The NORRA 500 in October will be the first with bikes since 2021. While not as long as its springtime sister Mexican 1000, Jimmy Lewis is pleased with the work he and the Moto team have done in creating the route.

“If you want to know what it was like to race Baja back in the ’90s,” he remarked about the course, “this is the race for you.”

As NORRA’s bike director, Lewis had been a key figure in getting the sanctioning body to add motorcycles back to the 500. They were initially removed after 2021 due to low entrants, but renewed interest prompted him to challenge riders to sign up before they’re added.

Once the minimum of ten registrants was reached, he and the crew got to riding and verifying the route they planned out. Save for some very slight tweaks, they were more than satisfied with how it turned out.

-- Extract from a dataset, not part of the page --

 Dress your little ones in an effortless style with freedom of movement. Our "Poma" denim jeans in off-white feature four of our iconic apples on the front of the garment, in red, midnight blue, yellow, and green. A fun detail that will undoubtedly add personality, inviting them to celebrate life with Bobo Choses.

Lewis described the course as “really fun two tracks that aren’t beat up, the kind of stuff that has really fun rollers. Not hoop-de-doos. Rollers, where you get to jump over things. There are a lot of direction changes and the stuff you dream of riding on.”

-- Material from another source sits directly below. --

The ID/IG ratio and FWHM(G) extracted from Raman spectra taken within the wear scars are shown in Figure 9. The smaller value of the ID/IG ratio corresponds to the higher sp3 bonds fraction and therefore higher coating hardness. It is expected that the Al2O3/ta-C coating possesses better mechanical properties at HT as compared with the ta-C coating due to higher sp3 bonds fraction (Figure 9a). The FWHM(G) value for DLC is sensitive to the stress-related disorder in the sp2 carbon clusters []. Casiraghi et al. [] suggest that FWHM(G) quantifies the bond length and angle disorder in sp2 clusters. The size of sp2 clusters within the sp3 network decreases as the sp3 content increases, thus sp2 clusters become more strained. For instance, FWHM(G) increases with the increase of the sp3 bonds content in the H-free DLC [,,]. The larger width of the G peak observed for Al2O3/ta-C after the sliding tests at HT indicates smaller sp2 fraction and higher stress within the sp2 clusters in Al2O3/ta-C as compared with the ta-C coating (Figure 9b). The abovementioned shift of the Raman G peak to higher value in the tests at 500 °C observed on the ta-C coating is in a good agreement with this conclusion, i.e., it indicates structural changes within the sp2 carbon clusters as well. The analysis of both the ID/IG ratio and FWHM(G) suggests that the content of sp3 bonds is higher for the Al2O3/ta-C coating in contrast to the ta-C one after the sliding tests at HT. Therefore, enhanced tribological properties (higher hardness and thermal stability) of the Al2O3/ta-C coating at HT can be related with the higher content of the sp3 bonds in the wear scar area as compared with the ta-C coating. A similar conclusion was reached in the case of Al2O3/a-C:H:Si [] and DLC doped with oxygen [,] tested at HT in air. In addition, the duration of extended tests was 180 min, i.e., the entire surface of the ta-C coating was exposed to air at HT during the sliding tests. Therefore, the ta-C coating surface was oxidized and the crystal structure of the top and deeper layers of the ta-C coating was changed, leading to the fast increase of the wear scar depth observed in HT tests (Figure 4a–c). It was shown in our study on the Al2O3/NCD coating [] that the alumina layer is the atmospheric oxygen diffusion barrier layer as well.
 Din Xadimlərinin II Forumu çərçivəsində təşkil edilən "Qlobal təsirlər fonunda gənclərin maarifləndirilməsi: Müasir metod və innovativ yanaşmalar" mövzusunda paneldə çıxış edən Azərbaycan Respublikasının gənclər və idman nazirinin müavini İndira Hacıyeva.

Fellow Off-Road Motorsports Hall of Famer and crew member Tim Morton, who was part of the recon team, remarked he was “blown away how bitchin’ it is.”

Morton noted the race will go through sections so rarely touched that even NORRA race director Eliseo Garcia only learned about them “a couple months ago.” Some ranches and tracts of land on the route are also long forbidden from use for racing, though NORRA managed to get permission this one time.

“Fun, flowy, hilly, turny stuff that will blow your mind,” he commented. “There are sections NOBODY gets to ride, ever, and some stuff I never knew existed, never even heard rumors of these trails.”

Scheduled for October 9–12, the NORRA 500 will consist of a prologue stage followed by two days of racing. Riders can compete either with a roadbook or using a GPS, which is new for the 500.